The required answer is the run of lines from the one holding "Колодки гальмівні (передні/задні)" to the end of the data below, copied exactly and free of pictures.

● **SOURCE DATA**:
- Opening Delimiter -

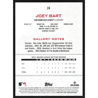 This is a 2022 Topps Gallery Joey Bart baseball card. The card is #24 and pictures show condition.
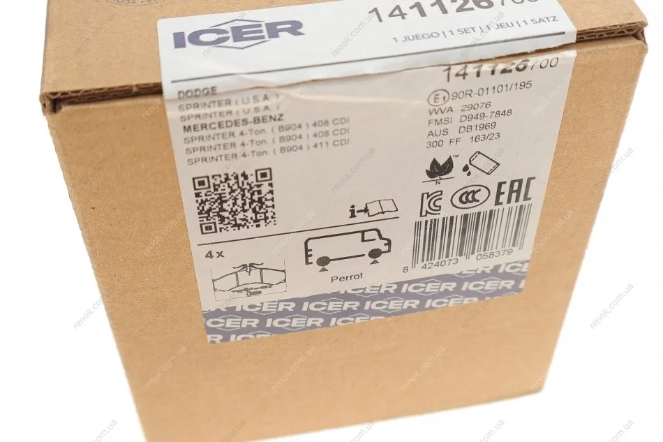 Колодки гальмівні (передні/задні) MB Sprinter (901-905) 208-616 95-/VW LT 96-06 (+датчики) ICER 141126-700 (0004217391, 0004237110, 0024204120)
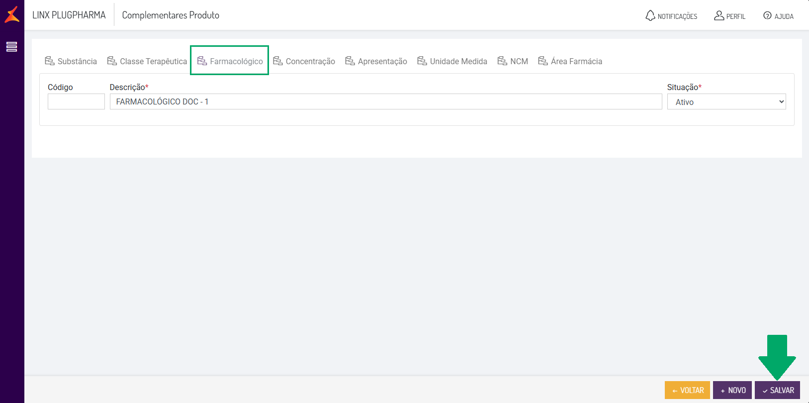 Para adicionar uma farmacológico nos dados complementares de produto, realize os passos a seguir:

- Closing Delimiter -

● **WORKED SOLUTION**:
 Колодки гальмівні (передні/задні) MB Sprinter (901-905) 208-616 95-/VW LT 96-06 (+датчики) ICER 141126-700 (0004217391, 0004237110, 0024204120)
 Para adicionar uma farmacológico nos dados complementares de produto, realize os passos a seguir:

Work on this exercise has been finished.